So, "Are Design Patterns Missing Language Features"? - yiedyie
http://programmers.stackexchange.com/questions/165568/so-are-design-patterns-missing-language-features

======
dragonwriter
If, in any given language, you need to write out a prose recipe or code
template for how a design pattern is _implemented_ in that language, then
that's an indication of a limitation in the expressive power of the language.
If you can implement the pattern generally (not just a specific, limited form
of it) in a library/package etc. and just _use_ the implementation from
consumer code, then you aren't running into a language limitation.

This doesn't mean that the _pattern_ itself, even in that case, is a missing
language feature: while in some cases things that can be patterns in one
language may be basic independent language features in another -- e.g.,
"classes" or might be recipe-driven "design patterns" in C but basic language
features in Java -- they are just as much not a sign of a language
expressiveness limit if you can implement them as library code in a general
form, even when they aren't basic language features (e.g., "classes" in
JavaScript.)

And, even when language _can_ express them in library code, that there is a
value to doing so may not be clear until the patterns have been catalogged.

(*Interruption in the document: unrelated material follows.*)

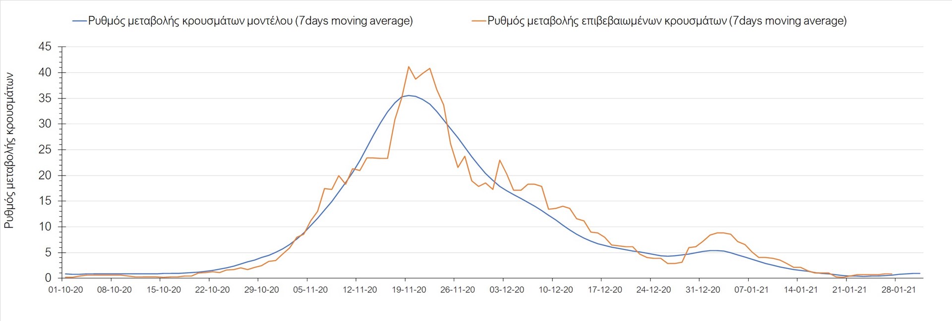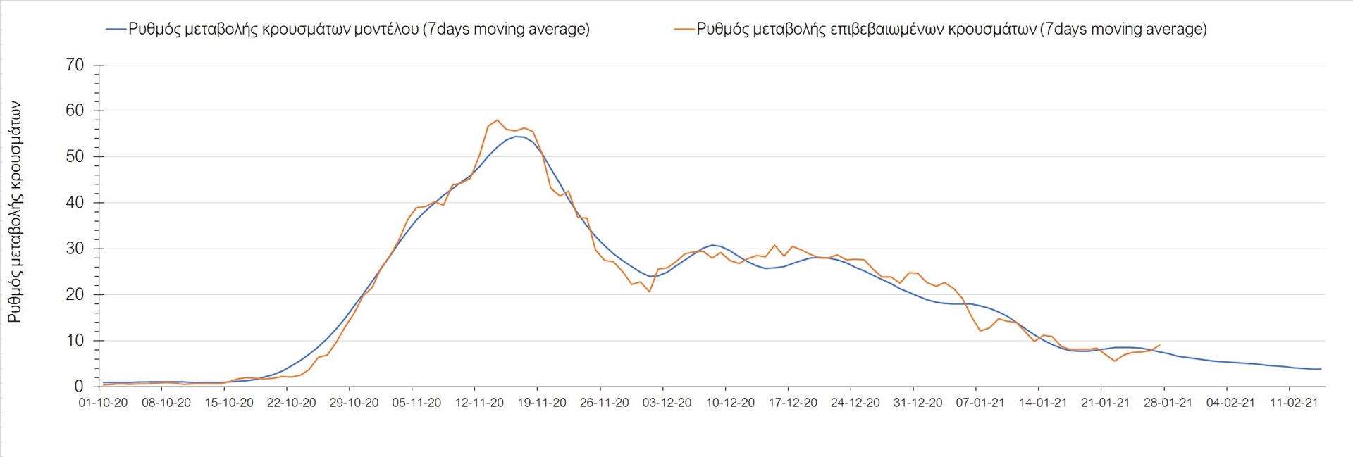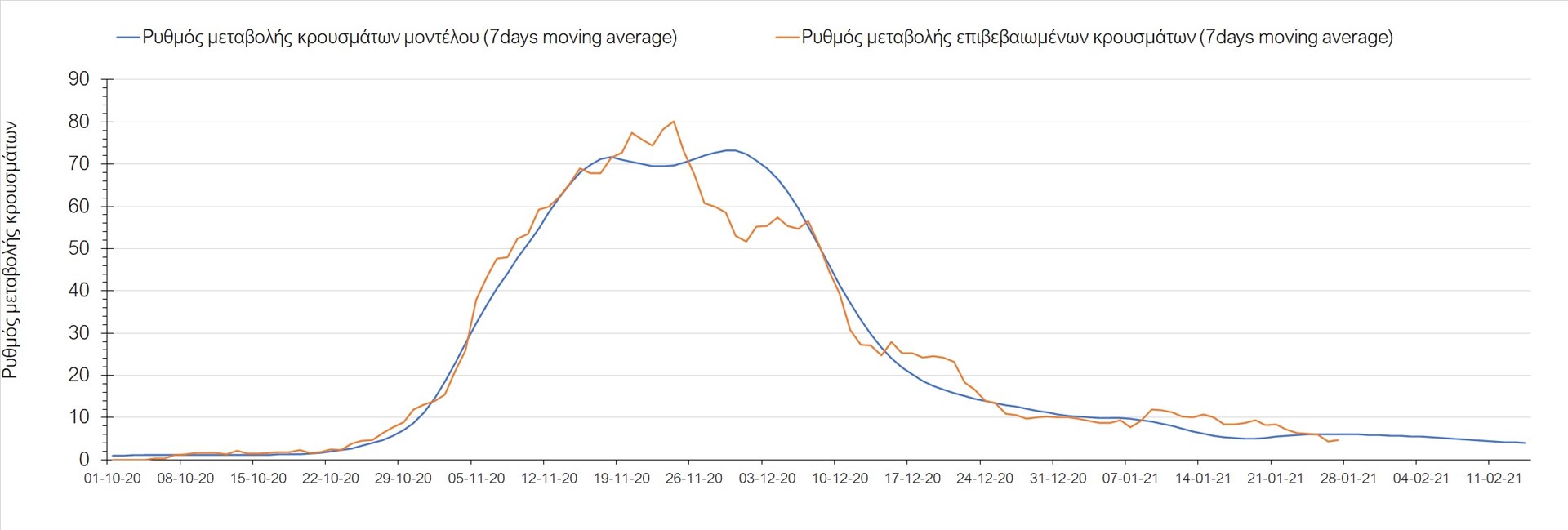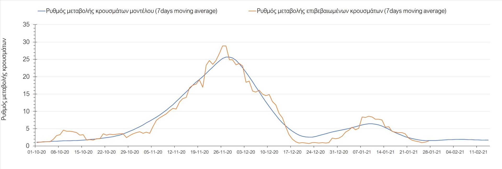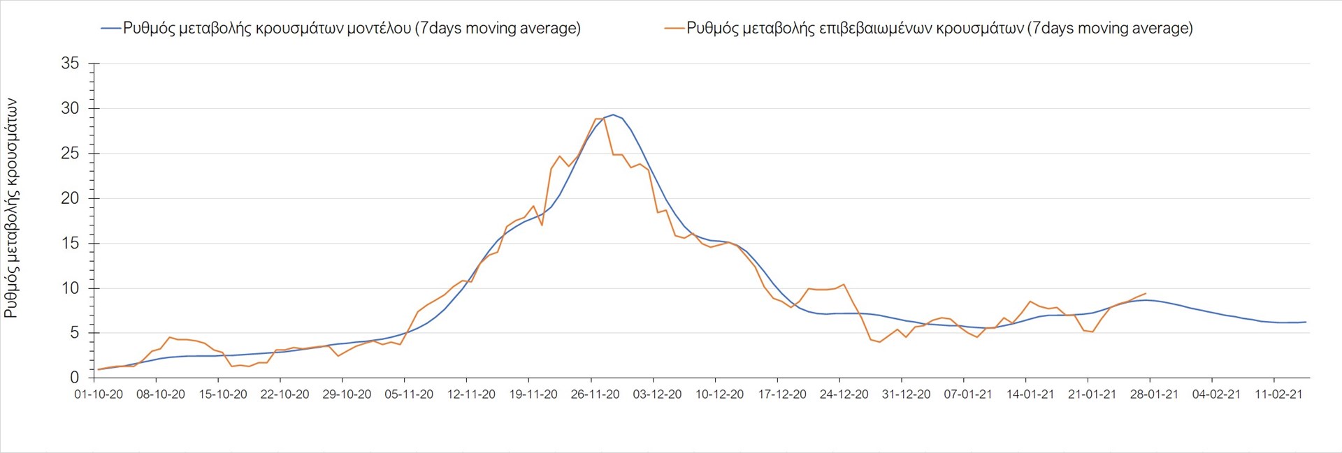 Όπως φαίνεται από το διάγραμμα, από τις 8 Ιανουαρίου έχουμε μια αύξηση κρουσμάτων μέχρι τις 11 Ιανουαρίου η οποία οφείλεται στη μείωση της περιστολής που σημειώθηκε στις γιορτές. Από τις 11 μέχρι τις 18 Ιανουαρίου προβλεπόταν μια μείωση κρουσμάτων λόγω της εφαρμογής του lockdown που είναι σε ισχύ και αυτήν την εβδομάδα και η οποία όντως παρατηρήθηκε. Εντούτοις, όπως είχαμε προβλέψει, από τις 23 Ιανουαρίου και έπειτα διαφαίνεται αύξηση στον κυλιόμενο μέσο όρο των κρουσμάτων, η οποία δυστυχώς είναι υψηλότερη από την αναμενόμενη.

The basic upshot isn't that design patterns are missing language features so
much as that the design patterns you need a cookbook rather than a library for
are a function of language features (you still -- whether in cookbook or
recipe form -- benefit from understanding the pattern, motivating uses,
considerations that apply to using the pattern, etc.; the difference in
whether you are going to need to code the specific use yourself or be able to
grab library code and call it with appropriate arguments when you need to use
it.)